Re: "Just use a hash": An overworked mantra?

This has to be the best example of bad testing I've ever seen.

*_count(): Correct key count in RV.
This is a pointless and logically incorrect test.
What if one of the numbers in the range 1 .. 999 was never generated by your random number generator?
*_count(): Correct value count in RV.
You've just tested how many keys are in the hash or array. Do you expect the number of values to be different? Can they be different?
*_count(): max integer in range.
Again, a pointless and incorrect test.
It is perfectly legitimate -- even if unlikely -- for a sequence of random numbers to not contain the largest value possible.
*_count(): min integer in range.
Ditto.

Now for the benchmark.

Incorporating the random generation of the dataset into each of the benchmarks is like incorporating the building of the track into an F1 race. The generation of the test data completely obscures the thing you are trying to test.
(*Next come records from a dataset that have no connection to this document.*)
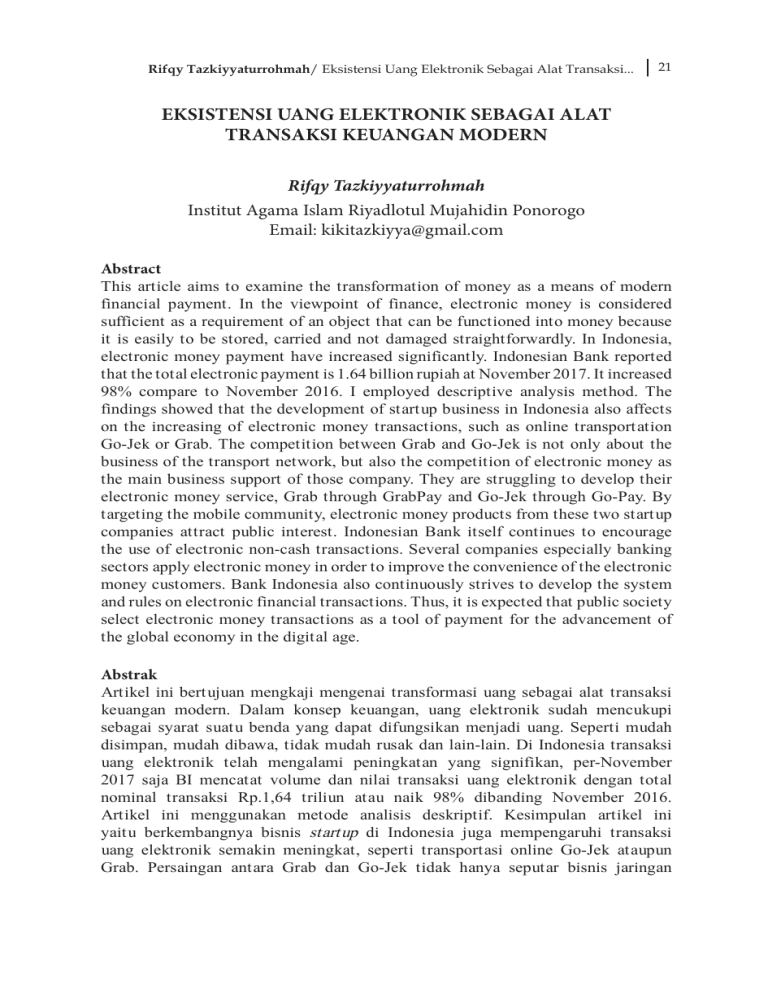 Rifqy Tazkiyyaturrohmah/ Eksistensi Uang Elektronik Sebagai Alat Transaksi... 21 EKSISTENSI UANG ELEKTRONIK SEBAGAI ALAT TRANSAKSI KEUANGAN MODERN Rifqy Tazkiyyaturrohmah Institut Agama Islam Riyadlotul Mujahidin Ponorogo Email: [email protected] Abstract This article aims to examine the transformation of money as a means of modern financial payment. In the viewpoint of finance, electronic money is considered sufficient as a requirement of an object that can be functioned into money because it is easily to be stored, carried and not damaged straightforwardly. In Indonesia, electronic money payment have increased significantly. Indonesian Bank reported that the total electronic payment is 1.64 billion rupiah at November 2017. It increased 98% compare to November 2016. I employed descriptive analysis method. The findings showed that the development of startup business in Indonesia also affects on the increasing of electronic money transactions, such as online transportation Go-Jek or Grab. The competition between Grab and Go-Jek is not only about the business of the transport network, but also the competition of electronic money as the main business support of those company. They are struggling to develop their electronic money service, Grab through GrabPay and Go-Jek through Go-Pay. By targeting the mobile community, electronic money products from these two startup companies attract public interest. Indonesian Bank itself continues to encourage the use of electronic non-cash transactions. Several companies especially banking sectors apply electronic money in order to improve the convenience of the electronic money customers. Bank Indonesia also continuously strives to develop the system and rules on electronic financial transactions. Thus, it is expected that public society select electronic money transactions as a tool of payment for the advancement of the global economy in the digital age. Abstrak Artikel ini bertujuan mengkaji mengenai transformasi uang sebagai alat transaksi keuangan modern. Dalam konsep keuangan, uang elektronik sudah mencukupi sebagai syarat suatu benda yang dapat difungsikan menjadi uang. Seperti mudah disimpan, mudah dibawa, tidak mudah rusak dan lain-lain. Di Indonesia transaksi uang elektronik telah mengalami peningkatan yang signifikan, per-November 2017 saja BI mencatat volume dan nilai transaksi uang elektronik dengan total nominal transaksi Rp.1,64 triliun atau naik 98% dibanding November 2016. Artikel ini menggunakan metode analisis deskriptif. Kesimpulan artikel ini yaitu berkembangnya bisnis startup di Indonesia juga mempengaruhi transaksi uang elektronik semakin meningkat, seperti transportasi online Go-Jek ataupun Grab. Persaingan antara Grab dan Go-Jek tidak hanya seputar bisnis jaringan 22 Muslim Heritage, Vol. 3, No.1, Mei 2018 tranportasi saja, namun juga persaingan uang elektronik sebagai pendukung bisnis utama perusahaan. Grab melalui GrabPay dan Go-Jek melalui Go-Pay berjuang mengembangkan layanan uang elektronik mereka. Dengan menyasar masyarakat mobile, produk uang elektronik dari dua perusahaan startup ini cukup diminati masyarakat. Bank Indonesia sendiri terus mendorong penggunaan dan penerapan transaksi non tunai dengan uang elektronik. Sudah banyak perusahaan perbankan maupun perusahaan lainnya seperti jasa menggunakan uang elektronik, dan untuk meningkatkan kenyamanan para pengguna uang elektronik. Bank Indonesia juga terus berupaya melakukan pengembangan dan perbaikan terkait sistem maupun aturan tentang transaksi keuangan elektronik. Dengan demikian diharapkan transaksi uang elektronik terus menjadi pilihan masyarakat sebagai instrumen transaksi pembayaran demi kemajuan perekonomian global di era digital. Keywords: technology, electronic money, modern financial, financial transaction A. Pendahuluan Era digital saat ini, mengharuskan masyarakat untuk cerdas dapat memanfaatkan kemudahan dan keefektifan dalam berinteraksi antara satu sama lain. Berbagai inovasi digital pada berbagai bidang membuktikan bahwa masyarakat juga turut andil dalam perkembangan zaman yang semakin modern. Berkembangnya bisnis financial technology (fintech) juga ikut mempengaruhi munculnya perusahaan startup yang bergerak di sektor keuangan digital. Salah satu produk finansial digital tersebut adalah uang elektronik (e-money). Dengan munculnya uang elektronik akan memungkinkan masyarakat untuk melakukan transaksi finansial tanpa menggunakan uang tunai. Menjamurnya bisnis startup membuat para pelaku usaha ini berlomba-lomba melakukan inovasi-inovasi dalam produk finansial digitalnya, sebut saja Go-Pay dari Go-Jek. Menurut hasil survei JakPat dalam Startup Report 2017 DailySocial. Id, Go-Pay merupakan uang elektronik yang terpopuler serta paling banyak diminati publik. Sebanyak 50% responden yang di survei memiliki uang elektronik yang dikeluarkan oleh perusahaan penyedia jasa transportasi online Go-Jek. Sementara e-money dari Bank Mandiri dan TCASH milik Telkomsel berada di urutan kedua dan ketiga.1 Keterlibatan Indonesia dalam forum-forum ekonomi dunia juga telah sedikit mempengaruhi kebijakan ekonomi di Indonesia, salah satunya adalah kebijakan mengenai sistem pembayaran. Di Indonesia sistem pembayaran secara umum masih menggunakan uang tunai sebagai alat pembayaran, 1 Databoks Katadata Indonedia, “GoPay Uang Elektronik Terpopuler di Indonesia,” dikutip dari https:// databoks.katadata.co.id/datapublish/2018/02/13/go-pay-uang-elektronik-terpopuler-di-indonesia diakses pada 3 Maret 2018 Rifqy Tazkiyyaturrohmah/ Eksistensi Uang Elektronik Sebagai Alat Transaksi... 23 padahal dengan banyaknya uang yang beredar di masyarakat dapat memicu meningkatnya inflasi. Inilah yang membuat beberapa negara lain seperti Jepang, Singapura, Inggris dan Amerika Serikat sudah terlebih dahulu menerapkan sistem pembayaran menggunakan uang elektronik.2 Perkembangan uang elektronik bukan disebabkan oleh Bank Indonesia, namun disebabkan oleh perkembangan teknologi informasi dan komunikasi
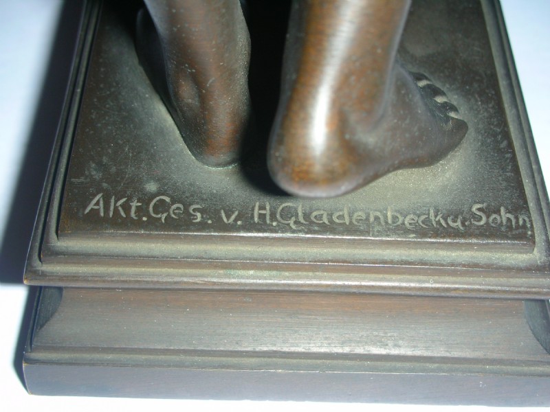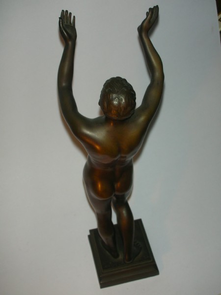 A well modeled figure of a nude man with his arms out stretched signed Akt.Ges.v.H.Gladenbecky.sohn with reference to Preis.
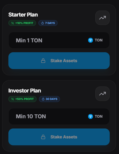 Дополнительным способом заработка в Ton Run Miner является стейкинг. Вложить коины можно по одному из трех планов на неделю, месяц или 90 дней. Чем длительнее период, тем больше будет процент к депозиту, однако здесь опять же требуется донат в виде TON. К тому же, очевидно, данный процесс не имеет ничего общего с реальным стейкингом, а лишь имитирует его. Откуда в таком случае берется доходность – неясно.
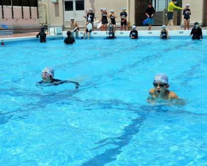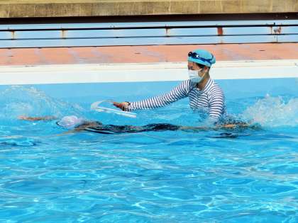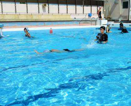多くの先生がプールに入っているので、グループごとにじっくり見てもらいながら検定試験ができます。
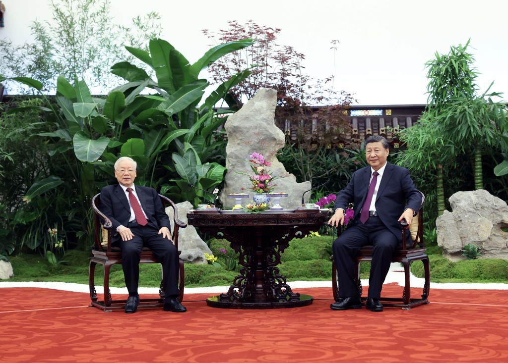 ▲習近平同阮富仲茶敘。新華社
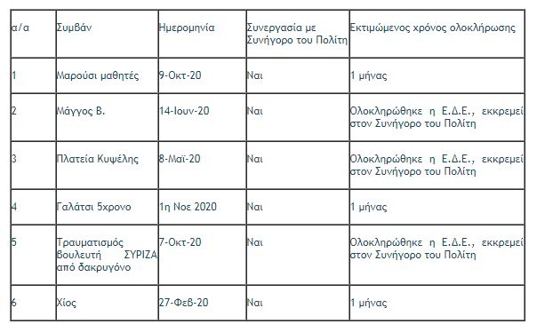 Η ανακοίνωση της ΕΛ.ΑΣ. συνοδεύεται από τον πίνακα:
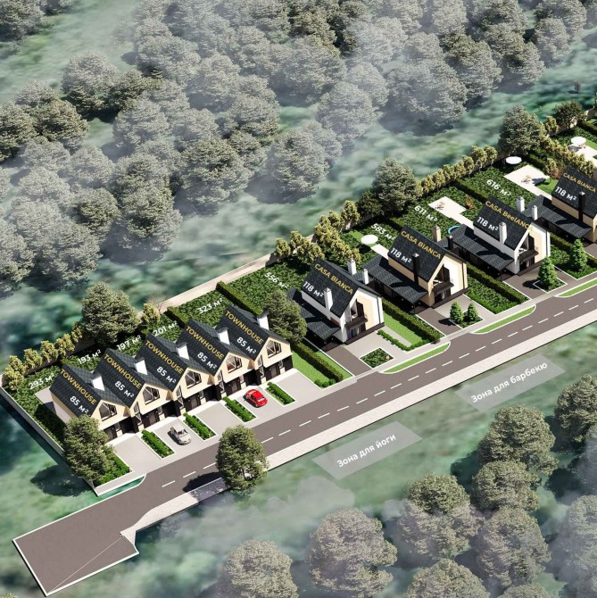 Строительство продолжается, имеются варианты домов на 140м2 и в планах строительство нескольких домиков с площадью 110м2 в единой концепции.
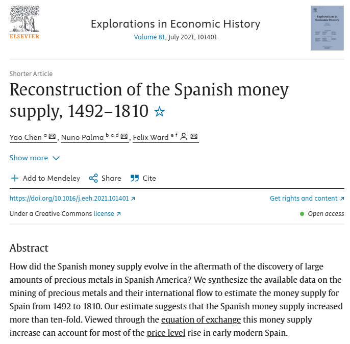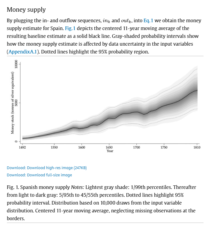 Depois eles calculam o impacto disso sobre a oferta monetária (quantidade de dinheiro disponível) na Espanha. Ela cresceu 15x durante o período! Note como as estimativas crescem monotonicamente em paralelo à extração metálica na América.
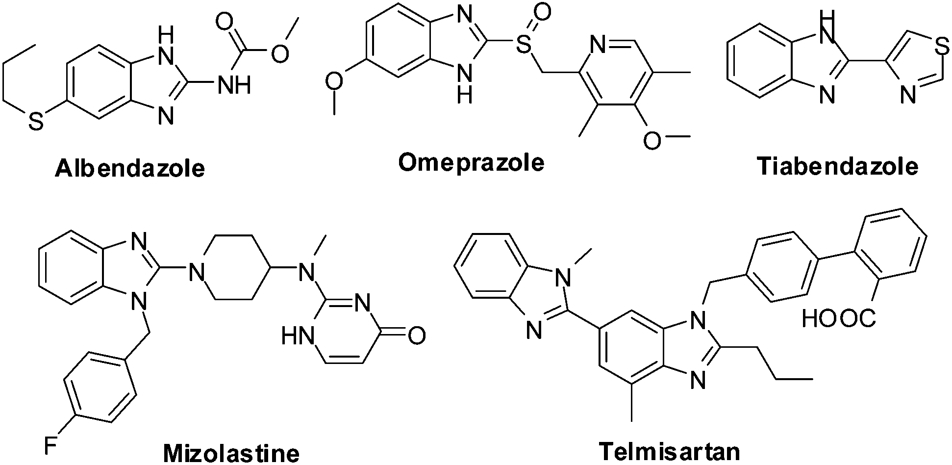 Nhân benzimidazole có vai trò quan trọng trong ngành dược học, các dẫn xuất thay thế benzimidazole có vai trò trong nhiều phác đồ không những áp dụng để điều trị trong các bệnh viêm loét dạ dày-ruột, điều trị một số bệnh ký sinh trùng giun sán, mà còn dùng để điều trị tăng huyết áp, chống đông, chống dị ứng, giảm đau, kháng viêm, hạ sốt, kháng nấm, kháng vi khuẩn, kháng virus, chống oxy hóa, chống ung thư và chống lo âu. Do đó, với vai trò quan trọng rõ ràng, các dẫn xuất của benzimidazole đã được phát hiện có tiềm năng tác dụng trong điều trị nhiều bệnh lý khác nhau, trong đó hiệu quả rõ ràng trên hệ tiêu hóa và hệ tim mạch với nhiều tác dụng khác nhau nhưng chưa được hiểu thấu đáo.Benzimidazole là những chất đóng vai trò trung tâm để phát triển các phân tử có lợi điểm về mặt dược và sinh học. Các dẫn chất thay thế của benzimidazole có nhiều ứng dụng đa dạng trong điều trị nhiều bệnh lý khác nhau trên lâm sàng và nay nhóm thuốc benzimidazole được liệt kê vào danh sách thuốc có nhiều tác động khác nhau. Về cấu trúc, benzimidazoles có nhiều cấu trúc khác nhau tùy thuộc vào thay đổi gốc trong công thức hợp chất và tổng hợp.
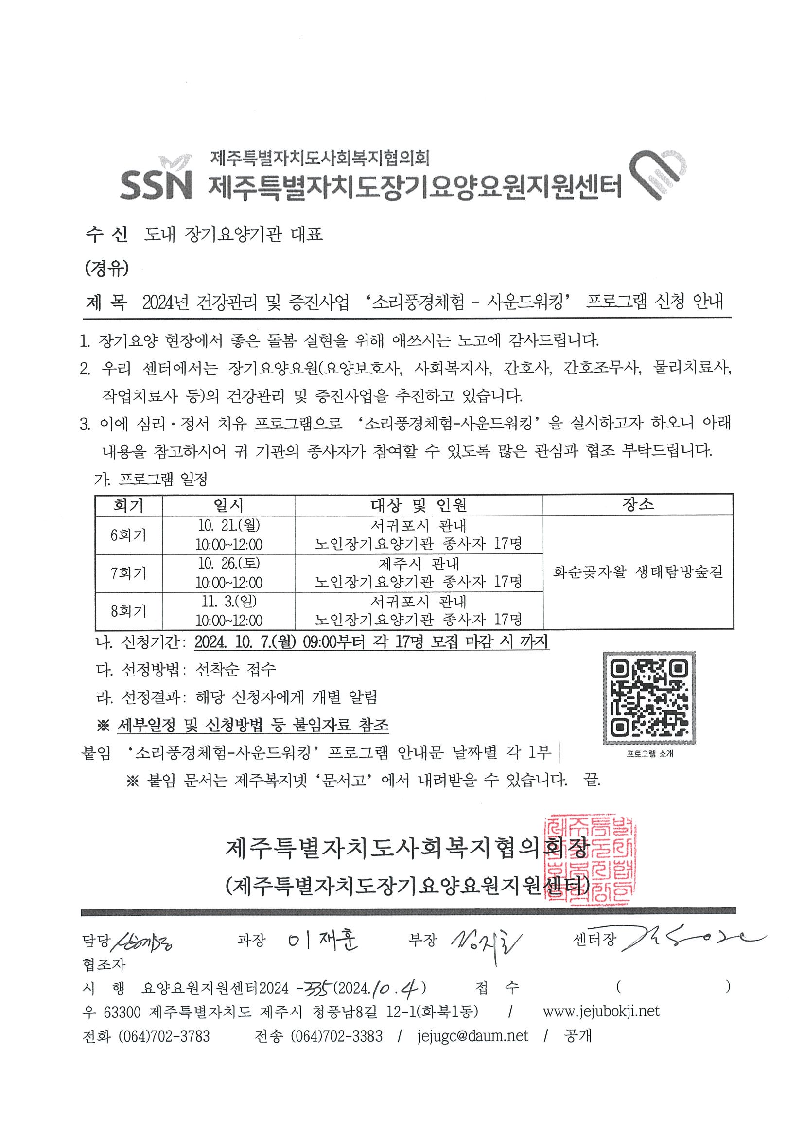 2024년 건강관리 및 증진사업 '소리풍경체험-사운드워킹' 프로그램 신청 안내

This statement: "In the interest of factoring out commonality I used the same random number generating code for all three subs." is completely wrong.

That you are calling subroutines with the same apparent name: rand_ranged_value() completely misses the fact that the Perl code is actually calling a subroutine called XS_main_rand_ranged_value() which does a bunch of stuff both before and after it calls the subroutine that the C code calls directly:

XS(XS_main_rand_ranged_value)
{
#ifdef dVAR
    dVAR; dXSARGS;
#else
    dXSARGS;
#endif
    if (items != 2)
       croak_xs_usage(cv,  "min, max");
    {
    int    min = (int)SvIV(ST(0));
    int    max = (int)SvIV(ST(1));
    int    RETVAL;
    dXSTARG;

    RETVAL = rand_ranged_value(min, max);
    XSprePUSH; PUSHi((IV)RETVAL);
    }
    XSRETURN(1);
}
[download]

So what you are actually benchmarking is the C compilers ability to compile-time optimise (eg.inline) a 100e6 calls to another C subroutine versus Perl's inability to optimise (at runtime) 100e6 calls to an XS subroutine which unwraps some native values from their Perl scalar wrappers before calling (unoptimised) the C subroutine 100e6 times, before wrapping the resultant native integer back into a Perl scalar. The result is far more than 2 x times skewed in favour of the C code.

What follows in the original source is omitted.